Now we already done declaring DAG. But DAGs are nothing without Tasks to run. 

## Tasks and It's Dependencies

In Airflow, a task serves as the fundamental unit of execution. These tasks are organized into Directed Acyclic Graphs (DAGs), and dependencies are established between them to indicate the desired order of execution. There are three basic types of tasks:

- Operators, predefined task templates that you can string together quickly to build most parts of your DAGs. example: PythonOperator, BaseOperator, EmailOperator.
- Sensors, a special subclass of Operators which are entirely about waiting for an external event to happen.
- A TaskFlow-decorated `@task`, which is a custom Python function packaged up as a Task.

We will declare a Task-Flow using @task decorator.  


---

```python
@task()
def fetch_trending_videos(region_code: str, file_path: str):
    '''
    function to be used for fetching trending videos
    '''
    
```

---

When you declaring a task using decorator, you have to concise that you are using decorator as-well for declaring a dag.

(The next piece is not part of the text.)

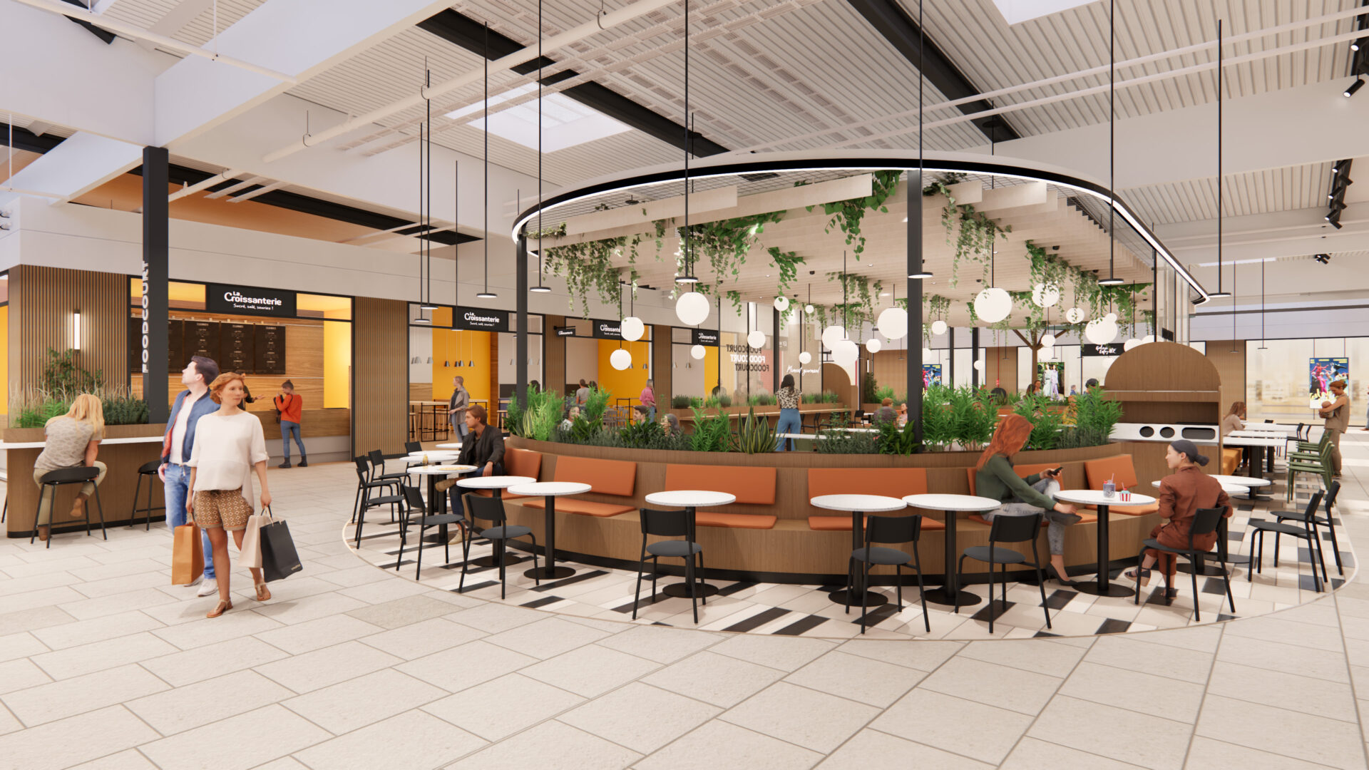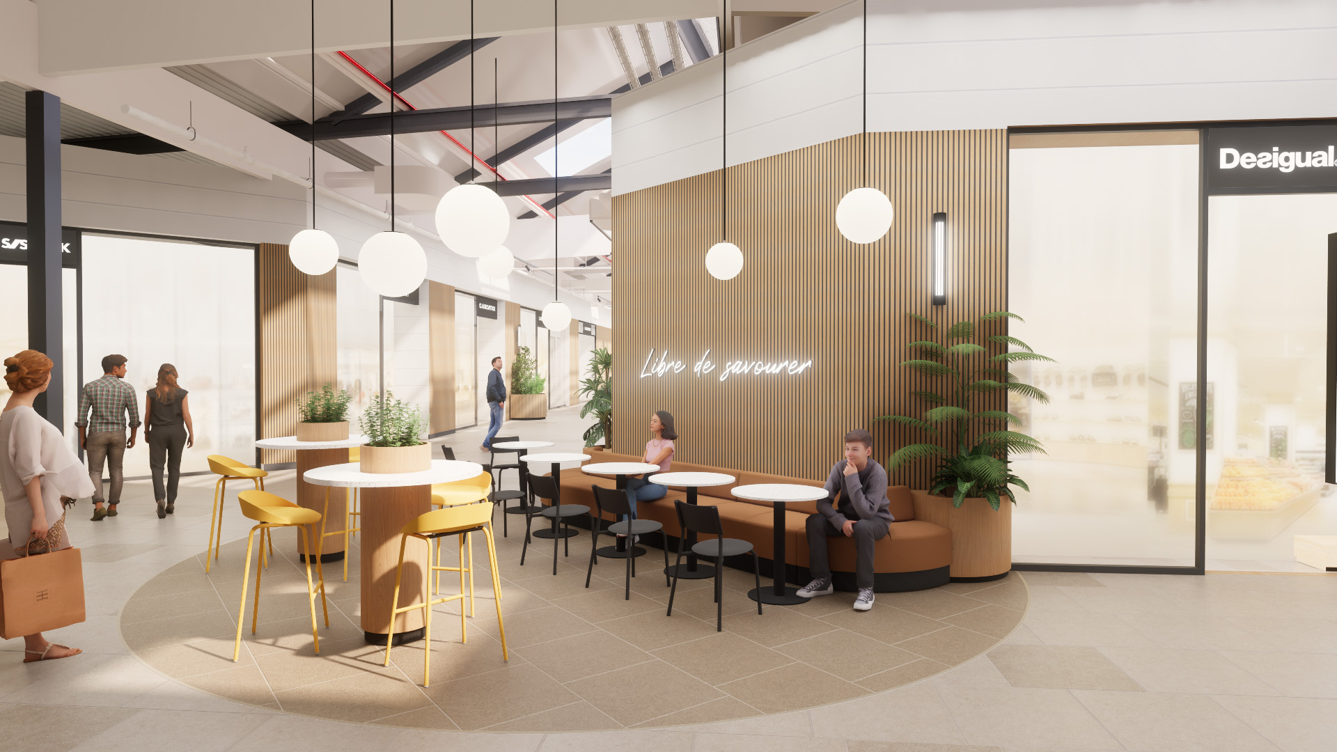 À l’intérieur, l’entrée principale devient une agora modulable, pensée pour accueillir tous les événements. Des espaces de détente et des placettes conviviales sont créés. L’aménagement comprend également un espace enfants, un pôle de services pratiques, et un nouveau pôle restauration

Now let's see full code of our DAG. 

---

```python
@dag(dag_id='trending_youtube_dag_sqlite',
    default_args=default_args,
    description='A pipeline to fetch trending YouTube videos',
    start_date=datetime(2023, 5, 7, tzinfo=timezone(timedelta(hours=7))),
    schedule_interval='0 10 * * *',
    catchup=False
)
def trending_youtube_dag():
    '''
    This is youtube trending dag, we will define the task in the next section
    '''
    @task()
    def fetch_trending_videos(region_code: str, file_path: str):
        '''
        function to be used for fetching trending videos
        '''


dag = trending_youtube_dag()
```

---

> **NOTE**: It is important to arrange the indentations, since Python will detect indentation as execution block or inner function. 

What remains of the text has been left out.